## AIM OF THE TASK
What you produce should be the lines from the line containing "复古白色星星吊坠编绳项链女款简约时尚设计毛衣链精致绝美锁骨链" through the last line below, both ends included, reproduced exactly and without pictures.

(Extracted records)
───
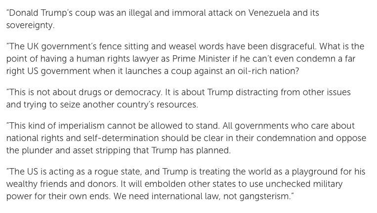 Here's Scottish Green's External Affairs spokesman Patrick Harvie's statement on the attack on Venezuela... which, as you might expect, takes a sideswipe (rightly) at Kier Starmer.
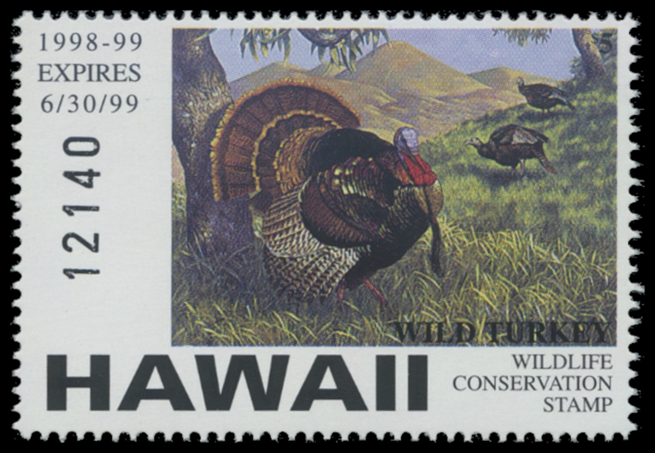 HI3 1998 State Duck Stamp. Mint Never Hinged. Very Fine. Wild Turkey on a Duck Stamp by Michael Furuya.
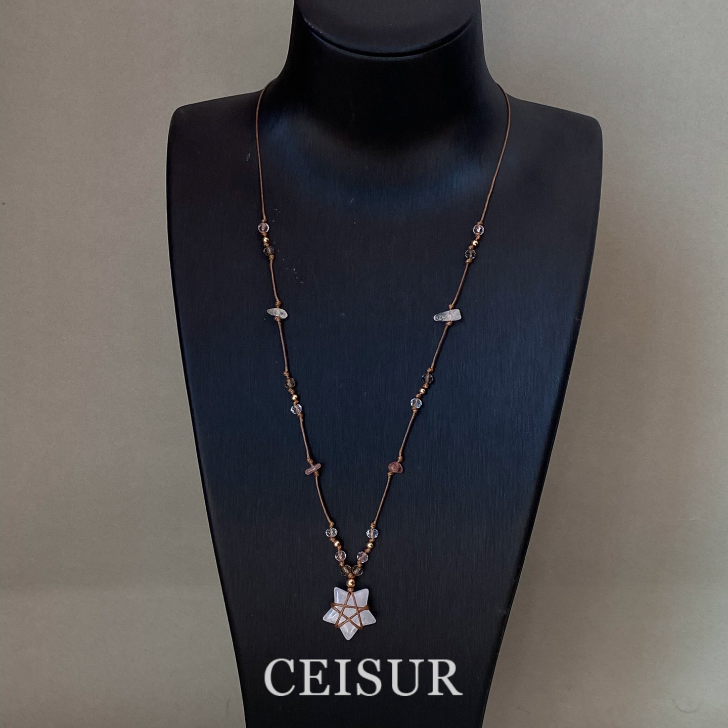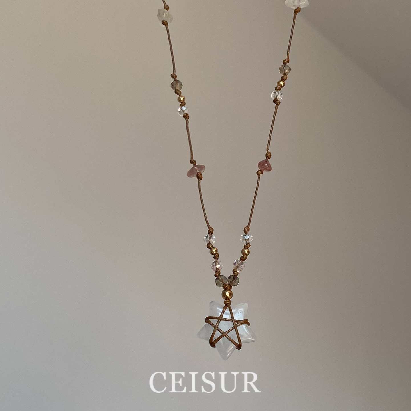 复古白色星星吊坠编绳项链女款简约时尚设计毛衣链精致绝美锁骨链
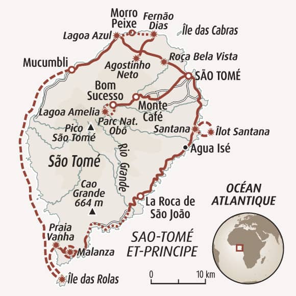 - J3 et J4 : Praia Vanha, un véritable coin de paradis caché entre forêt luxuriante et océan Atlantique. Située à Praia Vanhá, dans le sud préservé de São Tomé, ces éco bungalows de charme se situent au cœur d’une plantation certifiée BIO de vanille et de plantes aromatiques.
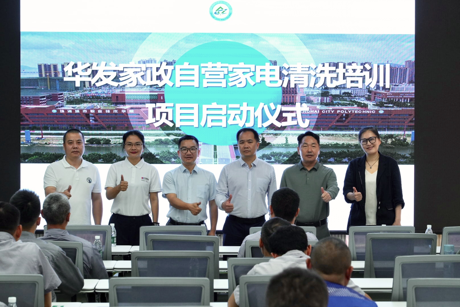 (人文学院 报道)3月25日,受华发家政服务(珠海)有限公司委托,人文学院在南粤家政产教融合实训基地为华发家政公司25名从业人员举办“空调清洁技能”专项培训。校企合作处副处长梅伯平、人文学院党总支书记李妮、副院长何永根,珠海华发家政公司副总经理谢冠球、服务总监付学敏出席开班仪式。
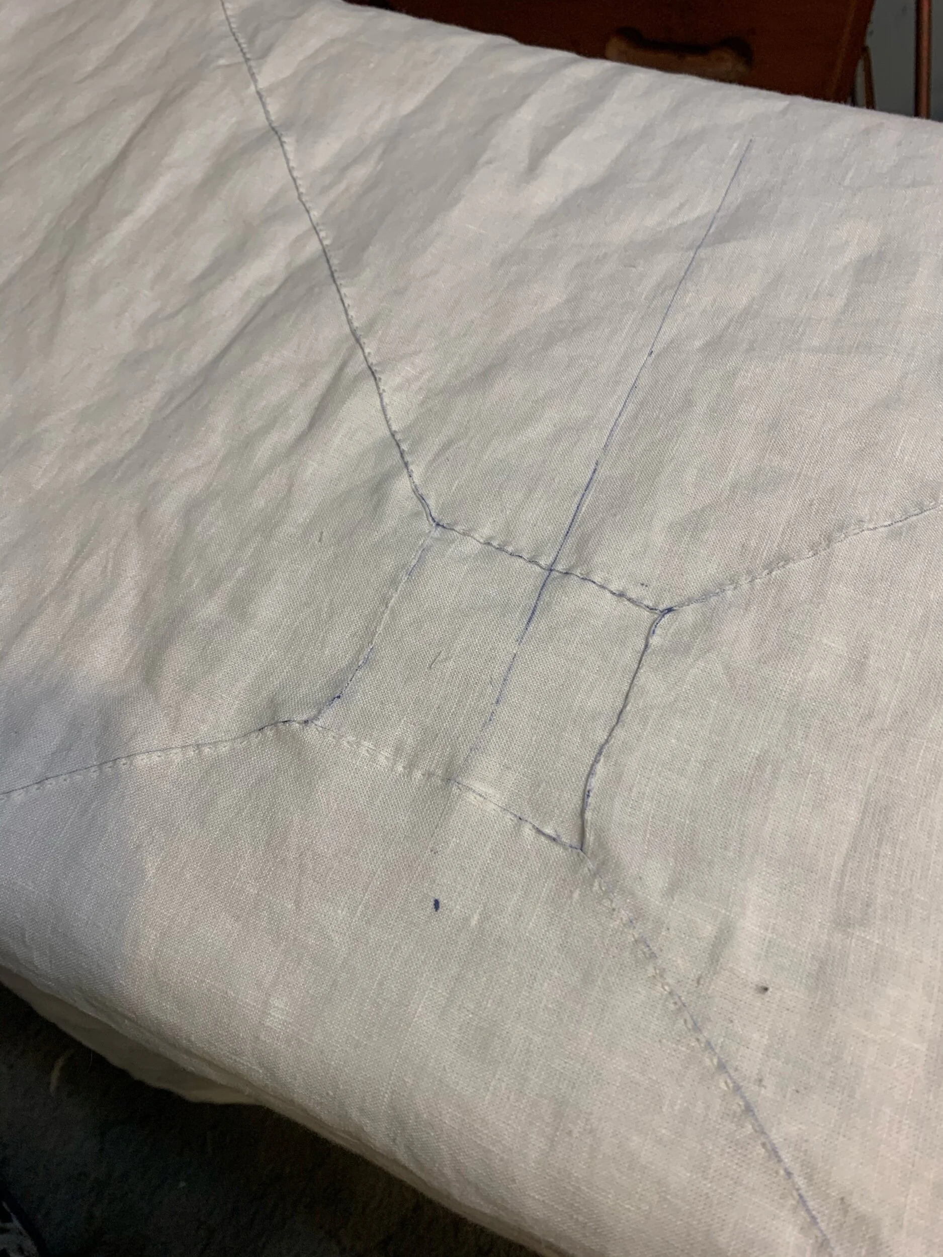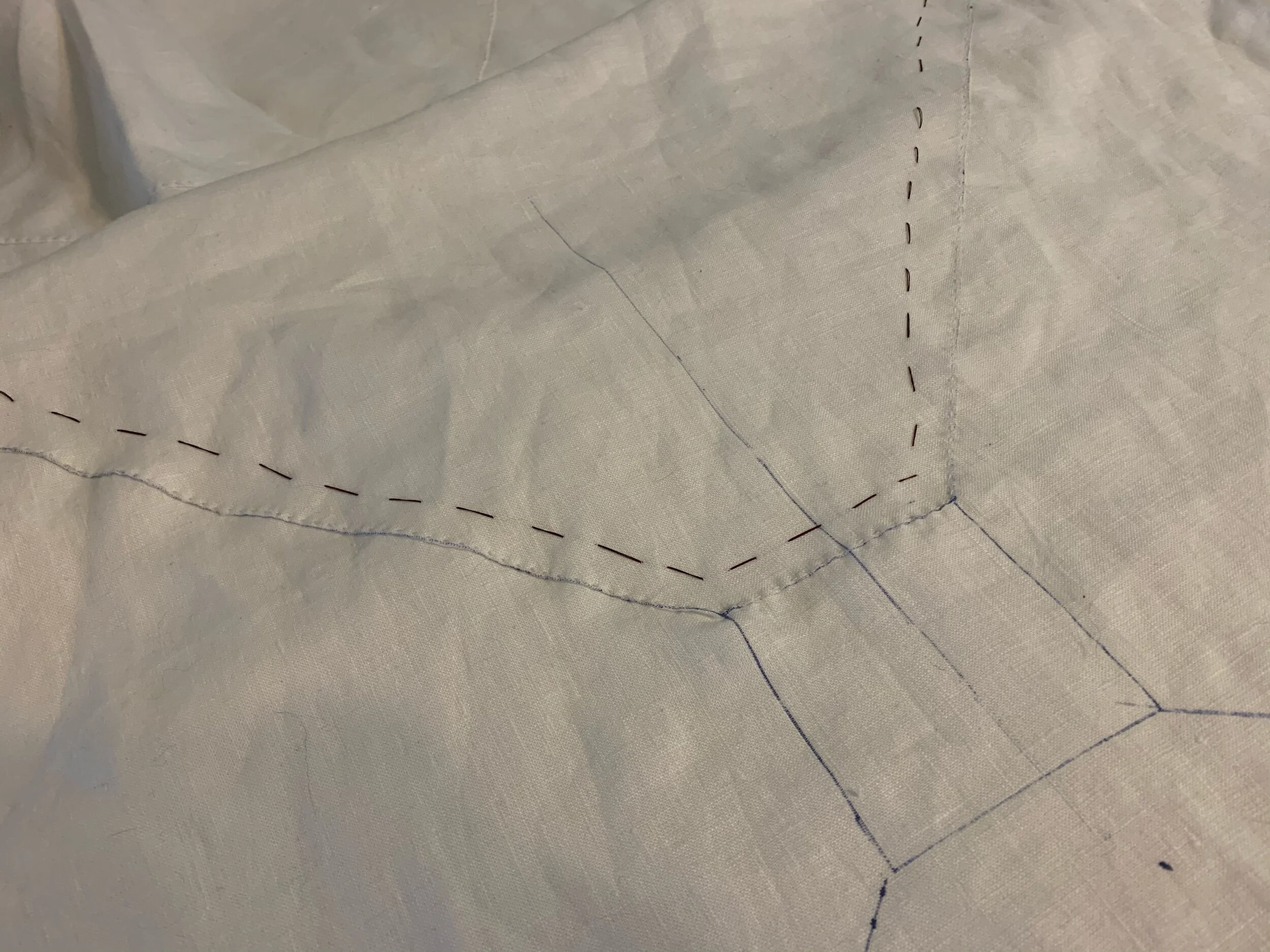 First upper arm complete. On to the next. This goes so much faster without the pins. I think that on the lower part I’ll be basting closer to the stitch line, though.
───
## SOLUTION
 复古白色星星吊坠编绳项链女款简约时尚设计毛衣链精致绝美锁骨链
 - J3 et J4 : Praia Vanha, un véritable coin de paradis caché entre forêt luxuriante et océan Atlantique. Située à Praia Vanhá, dans le sud préservé de São Tomé, ces éco bungalows de charme se situent au cœur d’une plantation certifiée BIO de vanille et de plantes aromatiques.
 (人文学院 报道)3月25日,受华发家政服务(珠海)有限公司委托,人文学院在南粤家政产教融合实训基地为华发家政公司25名从业人员举办“空调清洁技能”专项培训。校企合作处副处长梅伯平、人文学院党总支书记李妮、副院长何永根,珠海华发家政公司副总经理谢冠球、服务总监付学敏出席开班仪式。
 First upper arm complete. On to the next. This goes so much faster without the pins. I think that on the lower part I’ll be basting closer to the stitch line, though.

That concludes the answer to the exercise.